Behind the glittering facade of the new Europe, with its promise of a vast new economic and political superpower, lies a deeply troubled continent. Europe's problems are different from ours, but they are just as serious -- and Europe's leaders have done just as little as our own to address them.

Jobless woes. Europe's biggest problem is unemployment. After a few good years in the late 1980s, European jobless rates have started rising again; for almost 20 years the Continent's overregulated markets have yielded few new jobs for a growing work force -- a condition referred to as ''Eurosclerosis." In France, for example, the unemployment rate, after dipping briefly at the end of the 1980s, is once more above 10 percent (compared with 7.5 percent in the United States) and seems set to rise. Admittedly, generous government benefits make unemployment less painful in Europe than in America. On the other hand, most unemployed Americans find new work within a year, while many Europeans never find a job.

Unemployment in Europe is highly concentrated in a number of depressed regions, such as the old coal and steel towns of Belgium and Northern France and the decaying north of England -- regions the American visitor, dazzled by Paris or London, rarely sees. The most prosperous parts of Europe have jobless rates of less than 3 percent, but large tracts have sustained rates of more than 20 percent.

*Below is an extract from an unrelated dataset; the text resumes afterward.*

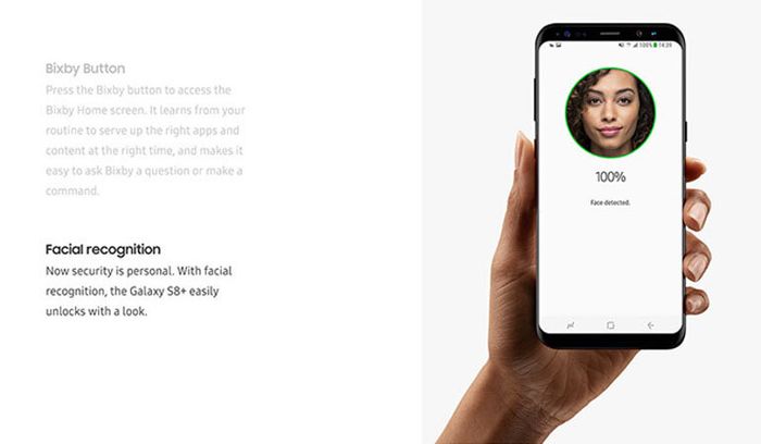 – Trên Samsung Galaxy Note 8 và S8/ S8 Plus: nhận diện khuôn mặt dựa vào máy ảnh và máy quét mống mắt.

This is part of a broader European weakness, the huge disparities in prosperity across regions. In America, the richest states have per capita income only about 60 percent higher than the poorest; for European regions, the difference is more than 200 percent. Billions of dollars have been spent to try to raise the incomes of lagging nations like Greece, Portugal and Ireland; although there have been some success stories, like the modernization of the northeastern part of Spain, economic backwardness in much of Europe has defied solution.

High unemployment has fed growing hostility to immigrants and supplied the fuel for Europe's still small but increasingly vocal extreme right wing. To many Europeans, immigrants -- especially immigrants from the Muslim nations on Europe's southern flank -- are a threat. They are seen as taking scarce jobs from natives; if they become unemployed, they receive support from governments that already impose far higher tax rates than we see in the United States.

Beset with these deep-seated economic and social problems, many European governments are in serious trouble. Italy, for example, has a budget deficit that is more than twice as large relative to the size of its economy as our own. Germany, staggering under the huge costs of subsidizing its new eastern lands, is running large budget deficits and for the first time in decades faces a wave of strikes. France's Socialists and Britain's Conservatives cling to power, but only because their opposition is deeply divided and distrusted by the voters.

None of these problems is new. In fact, it was precisely the perception of European stagnation that led key leaders to advocate bold moves toward European union, in the hope that such moves would reinvigorate the economy. This was a calculated gamble, since there was always the risk that a push toward unity would end in disillusioning failure rather than triumph. Until the Danish bombshell, it looked as if the gamble had paid off. Now, astonishingly, a few thousand unhappy voters have put the future of Europe on the line.